If the goal of education is to prepare young people for living, then an ideal program would look very different from most of what is now called education.
Earlier this week I wrote about the need for children to have a free space within which to grow in tastes, talents, will and ideas before they feel the full weight of a world that will try to mold them. This free space is there that they may grow strong and ready to handle the world, not to keep them from it for life. If education is meant to play a similar role – a partially simulated reality to prepare students for the “real world” – it seems a highly successful education would have two features we almost never see:
1 – It would be incredibly short
2 – It would be very hard to tell when it ended
If the goal is to prepare for life – i.e. to make education unnecessary – the faster the simulation can transition into the real, the better. And if living well is the aim, it would seem odd to spend a lot of time learning how in a simulated world and then abruptly be sent out into the real world without dabbling in it with increasing frequency until it began to replace education.

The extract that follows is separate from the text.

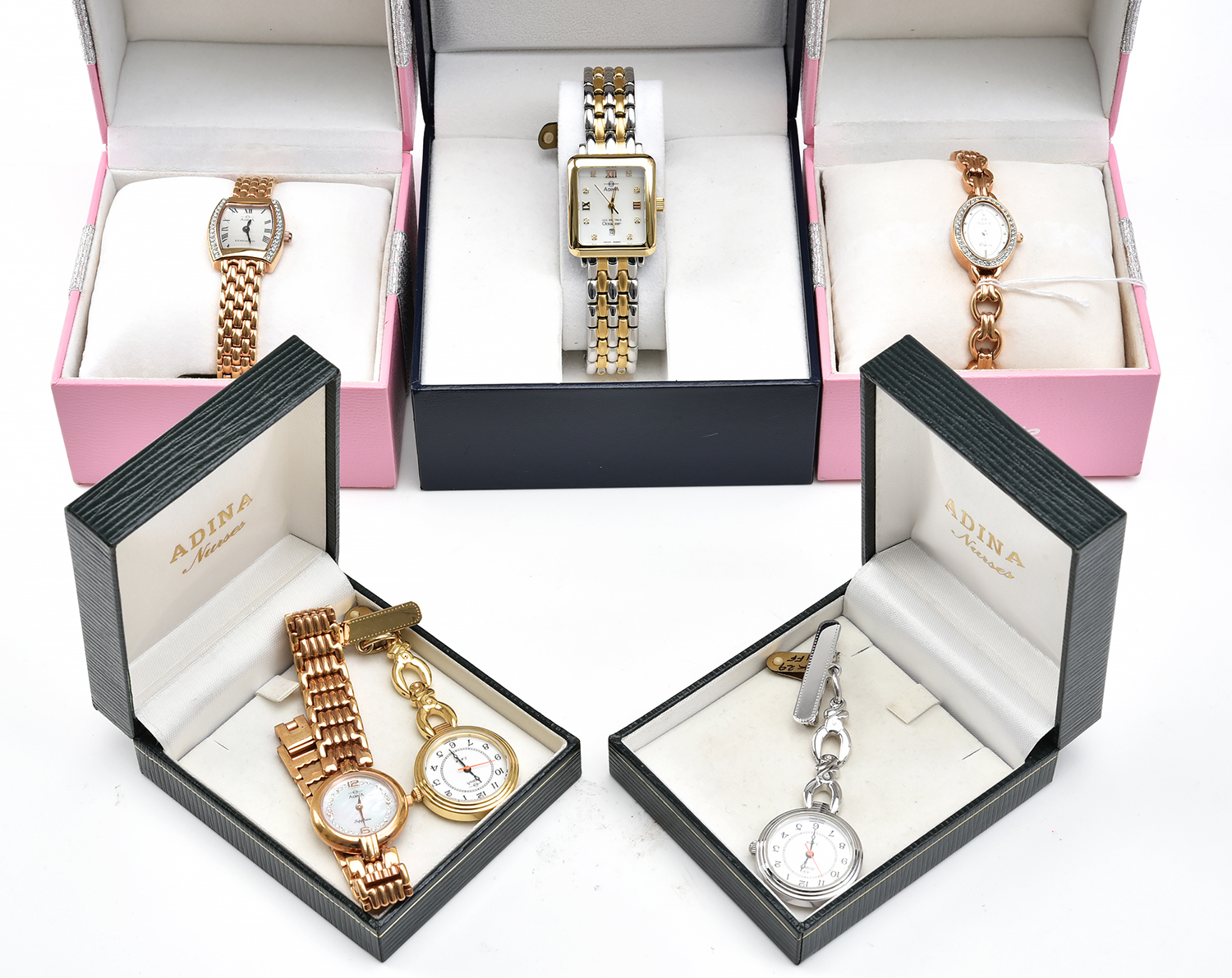 A COLLECTION OF ADINA WATCHES INCLUDING TWO NURSES WATCHES

Imagine if we taught kids how to ride a bike the way we try to teach them how to have a career. We’d start by showing them pictures of a bike when they’re young. We’d teach them to say the word bike, then spell it, then write it neatly. We’d have them draw a picture of a bike. We’d have them measure the perimeter of a picture of a bike. We’d have them write stories about people riding bikes. We’d ask them to share what kind of bike they want when they grow up.
When they reached their teens, every once in a while someone would show them a real bike and describe what riding it is like. They wouldn’t be allowed to touch it, and certainly not to own or ride one. In fact, anyone who let them would be subject to serious legal trouble. Then, after seventeen or eighteen years of this (never more or less), we’d have a big ceremony congratulating them and ourselves at their successful completion of bike riding prep.
They’d be allowed to ride now, but it would be looked down upon. Instead, they’d be encouraged to hone their skills and really learn to ride by paying tens of thousands of dollars to spend the next four years getting drunk and hearing specialized bike-related knowledge. They’d hear the history of bikes, mostly from professors who hate bikes. They’d hear about the ecosystem where the rubber trees grow that go into bike tires, except any connection between that ecosystem and the actual building and riding of bikes would be deemed in poor taste. They’d learn a great many other things and come away with a certificate declaring their level of bike preparedness.
We’d celebrate and buy them something (but not a bike). Then they’d go out and try to obtain a bike in a highly competitive market. If they were able to purchase one, they’d have to learn, for the first time after two decades of studying but never trying, to ride.
If at any point in this decades-long process a child decided they’d learned all they needed, quit, and picked up a bike to start riding, it would be deemed a miserable failure. Even though the stated goal is to get them riding, it’s not their ability to ride that determines the success of the system, only the number of students who complete it. Figuring out how to ride and riding before the appointed time is a sign of trouble and rebellion, and would be discouraged at all costs.
This is obviously a stupid way to teach bike-riding, yet it’s how we train kids for life.
Imagine kids blending learning with working from the time they were ready and willing to work. Imagine kids moving from reading to doing the same way they go from training wheels to two wheels – quickly, and often without a lot of fanfare or even a clear-cut transition. Imagine allowing some skinned knees, some wobbly attempts, some bumping into the neighbors mailbox while trying to figure out how to navigate the world. Think of the sheer joy and freedom kids experience when they can fly through the neighborhood on two wheels, and imagine how much greater when they can create value, exchange, cooperate, buy and sell on their own ability and will.
Instead we force kids into a simulated world for decades, then celebrate their completion of our programs, regardless of whether they’ve actually gained what they need to succeed. Then we let them wander the world for the first time, trying to learn in months what we prohibited them from trying for years.
Why do the social norms about education persist when they are so blunt and detrimental to so many kids?